**Exercise:**
Transcribe the records below in full; pictures stay out of the copy.

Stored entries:
BEGIN

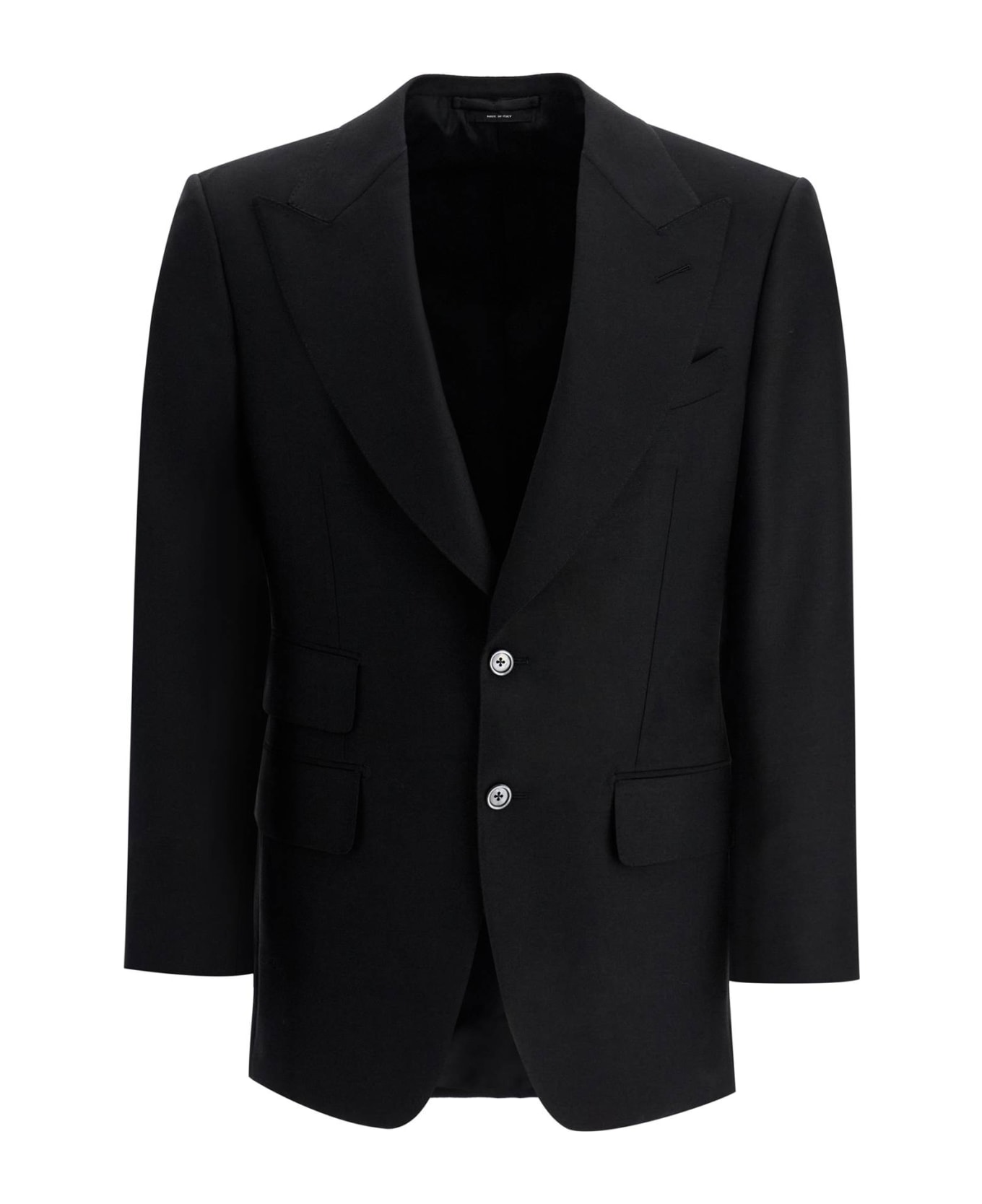 The Atticus jacket by Tom Ford is made of a blend of wool and mohair, detailed with peak lapels and a single-breasted closure with mother-of-pearl buttons. It features three front pockets with flaps, an oblique chest pocket, a back vent, and a silk-blend lining with additional pockets. The model is 187 cm tall and wears size IT 50.
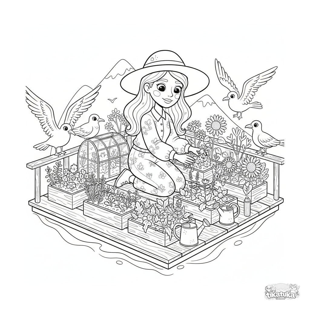Página para colorear para 10-12 años: un botánico cuida un jardín en una plataforma flotante en el mar. Escena detallada con camas de plantas, invernadero y pájaros.
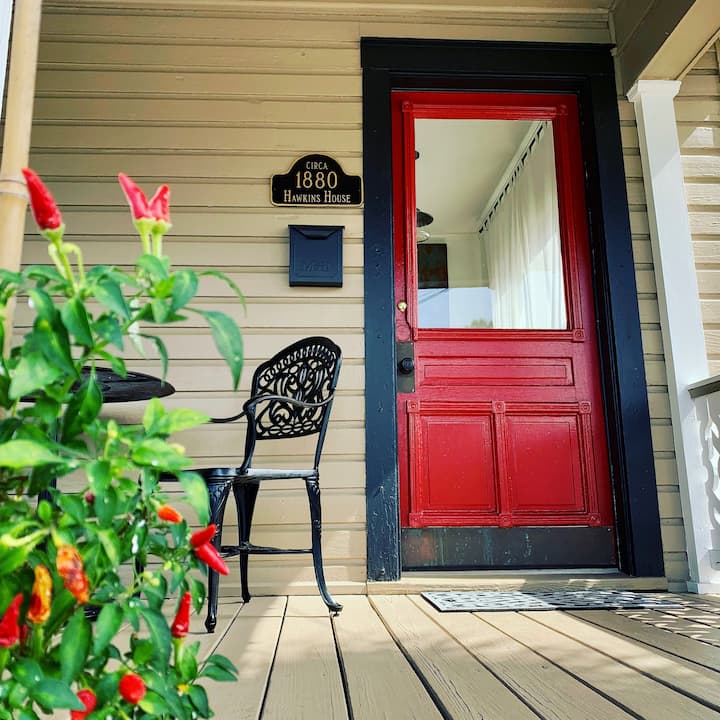 ¡Bienvenido! Mi esposo y yo somos nuevos en hospedar y decidimos comprar esta casa emblemática (The Hawkins House, alrededor de 1880) para compartir un poco de nuestra rica historia local, y todo lo que la hermosa zona costera de Pensacola tiene para ofrecerte a ti y a tu familia. Esta casa estaba recientemente a la venta, ¡y nos enamoramos de ella desde el momento en que entramos por la puerta roja! Hemos decorado con amor la casa con un cálido mobiliario contemporáneo que es fresco, acogedor y hermoso.
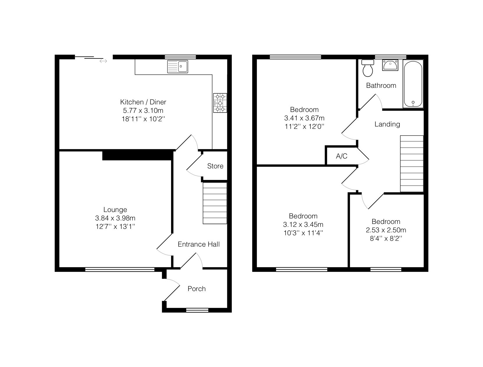 On the first floor are three well proportioned bedrooms along with the family bathroom. The bathroom is fitted with a white three piece suite and finished with complimentary wall tiling.
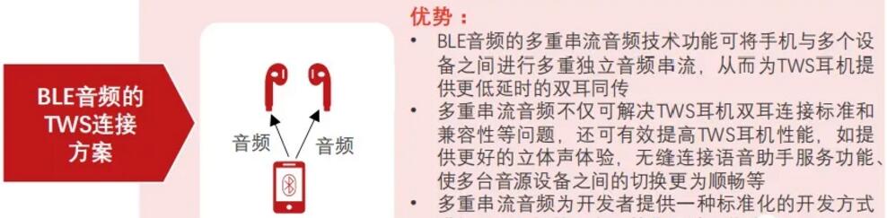 BLEA標準采用多重串流音頻技術(shù),可實現(xiàn)無線多路直聯(lián),單一音頻輸出設(shè)備與一個或多個音頻接收設(shè)備之間,可同步進行多重且獨立的音頻串流傳輸。BLEA標準的頒布打破蘋果TWS專利封鎖,解決TWS耳機雙耳直連的標準問題和兼容性問題,為安卓TWS廠商提供標準化的TWS耳機開發(fā)方式,有助于釋放安卓TWS廠商的生產(chǎn)力。
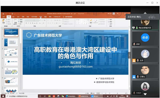 教育科学与技术学院院长陶红教授以“高职教育在粤港澳大湾区建设中的角色与作用”为题,通过对粤港澳大湾区概念、特征与变迁进行梳理,深入解析粤港澳大湾区建设的目标与劣势,继而概括出高职教育在粤港澳大湾区建设中的地位与作用,以及高职教育在粤港澳大湾区建设中“高端技能型人才的供给者”、“产业转型升级的引擎”、“产业融合的催化剂”、“创新驱动发展战略的重要抓手”的角色定位。
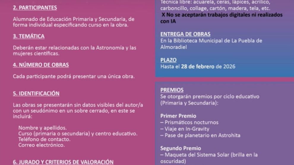 El certamen está dirigido al alumnado de Educación Primaria y Secundaria, que podrá participar con un dibujo realizado a mano y relacionado con astrónomas, científicas, investigadoras o exploradoras del cosmos, tanto históricas como contemporáneas. Cada participante podrá presentar una única obra, que deberá entregarse en la Biblioteca Municipal de La Puebla de Almoradiel.
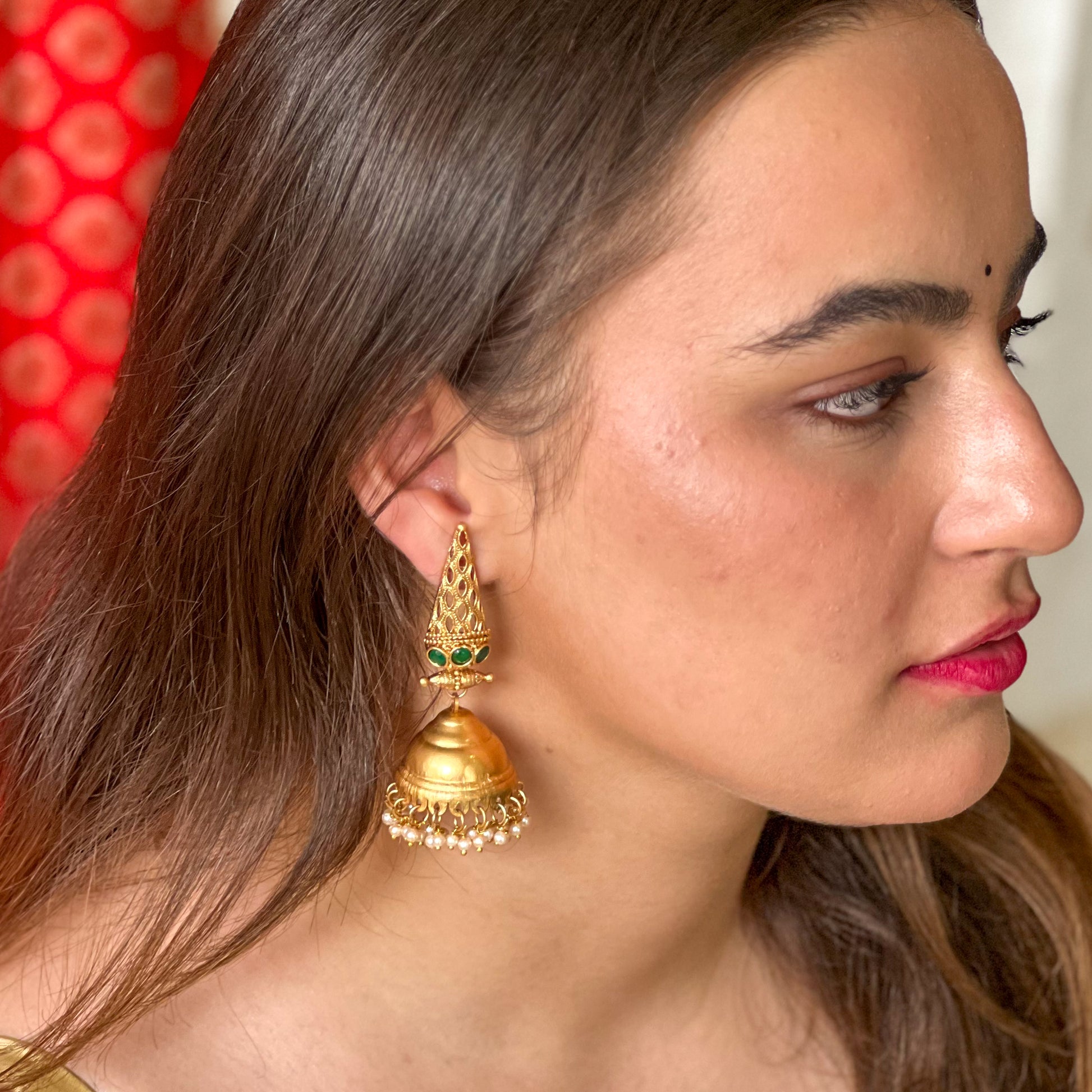 Embrace the divine elegance with Sugandha Green Temple Earrings. These traditional earrings are perfect for ethnic wear, adding a touch of uniqueness to your outfit. Crafted with intricate temple designs, they exude a timeless charm and elevate your style with their elegant appeal.

END

**Task answer:**
 The Atticus jacket by Tom Ford is made of a blend of wool and mohair, detailed with peak lapels and a single-breasted closure with mother-of-pearl buttons. It features three front pockets with flaps, an oblique chest pocket, a back vent, and a silk-blend lining with additional pockets. The model is 187 cm tall and wears size IT 50.
Página para colorear para 10-12 años: un botánico cuida un jardín en una plataforma flotante en el mar. Escena detallada con camas de plantas, invernadero y pájaros.
 ¡Bienvenido! Mi esposo y yo somos nuevos en hospedar y decidimos comprar esta casa emblemática (The Hawkins House, alrededor de 1880) para compartir un poco de nuestra rica historia local, y todo lo que la hermosa zona costera de Pensacola tiene para ofrecerte a ti y a tu familia. Esta casa estaba recientemente a la venta, ¡y nos enamoramos de ella desde el momento en que entramos por la puerta roja! Hemos decorado con amor la casa con un cálido mobiliario contemporáneo que es fresco, acogedor y hermoso.
 On the first floor are three well proportioned bedrooms along with the family bathroom. The bathroom is fitted with a white three piece suite and finished with complimentary wall tiling.
 BLEA標準采用多重串流音頻技術(shù),可實現(xiàn)無線多路直聯(lián),單一音頻輸出設(shè)備與一個或多個音頻接收設(shè)備之間,可同步進行多重且獨立的音頻串流傳輸。BLEA標準的頒布打破蘋果TWS專利封鎖,解決TWS耳機雙耳直連的標準問題和兼容性問題,為安卓TWS廠商提供標準化的TWS耳機開發(fā)方式,有助于釋放安卓TWS廠商的生產(chǎn)力。
 教育科学与技术学院院长陶红教授以“高职教育在粤港澳大湾区建设中的角色与作用”为题,通过对粤港澳大湾区概念、特征与变迁进行梳理,深入解析粤港澳大湾区建设的目标与劣势,继而概括出高职教育在粤港澳大湾区建设中的地位与作用,以及高职教育在粤港澳大湾区建设中“高端技能型人才的供给者”、“产业转型升级的引擎”、“产业融合的催化剂”、“创新驱动发展战略的重要抓手”的角色定位。
 El certamen está dirigido al alumnado de Educación Primaria y Secundaria, que podrá participar con un dibujo realizado a mano y relacionado con astrónomas, científicas, investigadoras o exploradoras del cosmos, tanto históricas como contemporáneas. Cada participante podrá presentar una única obra, que deberá entregarse en la Biblioteca Municipal de La Puebla de Almoradiel.
 Embrace the divine elegance with Sugandha Green Temple Earrings. These traditional earrings are perfect for ethnic wear, adding a touch of uniqueness to your outfit. Crafted with intricate temple designs, they exude a timeless charm and elevate your style with their elegant appeal.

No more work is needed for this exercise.